Boston Scientific Corp. (NYSE:BSX) still wants to make it expensive for a buyer to clean house following an acquisition — although in the future it won’t be quite as costly as it once was.
In mid-December, the Natick, Mass.-based device conglomerate revamped its executive retention agreements, triggered by a change in control of the company. The new contracts eliminate some of tax benefits the company previously paid for its executives if the firm is sold. It also somewhat modified the definition of “good cause” executives can cite prior to leaving Boston Scientific with exit compensation packages intact.

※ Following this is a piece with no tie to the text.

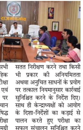
पारदर्शिता बनाए रखना सभी अधिकारियों की सामूहिक जिम्मेदारी है। उन्होंने परीक्षा सामग्री के सुरक्षित संधारण एवं वितरण, परीक्षा केन्द्रों पर अभ्यर्थियों के प्रवेश, पहचान सत्यापन, बैटक व्यवस्था, निष्पक्ष सामग्री पर नियंत्रण तथा परीक्षा समाप्ति के उपरांत गोपनीय सामग्री के सुरक्षित संकलन एवं प्रेषण संबंधी सभी प्रक्रियाओं की विस्तार से जानकारी दी।

राजनांदगांव (दावा)। छत्तीसगढ़ लोक सेवा आयोग द्वारा आयोजित सूबेदार, उप निरीक्षक स्वर्ग एवं प्लाटून कमांडर (प्रारंभिक) परीक्षा-2024 का आयोजन 12 जुलाई को प्रातः 10 बजे से दोपहर 12 बजे तक जिले के 7 परीक्षा केन्द्रों में किया जाएगा। परीक्षा के सफल, निष्पक्ष एवं शांतिपूर्ण संचालन के लिए आज कलेक्टर टैट सभाकक्ष में परीक्षा से संबंधित सभी केन्द्राध्यक्षों, प्रेक्षकों (ऑब्जर्वर) एवं प्लाटाईंग स्क्रॉड टीम (एफएएसटी) का प्रशिक्षण आयोजित किया गया।

Like most companies of its size, senior managers at Boston Scientific would be well compensated if they are let go, or walk away, following its acquisition by another firm. Under terms of the revised agreements, they are now entitled to three times the sum of their regular salary, plus any performance or yearly cash bonuses they’re entitled to, along with an extra $25,000. All outstanding stock options and restricted stock awards also vest immediately.
Still, because the new terms could be considered less favorable for the affected executives than their previous pacts, the Boston Scientific board decided to offer them an one-time award of $15,000 in stock options as an enticement to sign the new retention agreements. The option grants were disclosed in securities filings this week and will vest in four equal annual installments starting Feb. 26, 2011.
To date, all but one of the company’s c-level officers — including CEO Raymond Elliott and Chief Financial Officer Sam Leno — along with seven of the 11 division heads on the Boston Scientific executive committee have signed the new retention agreements.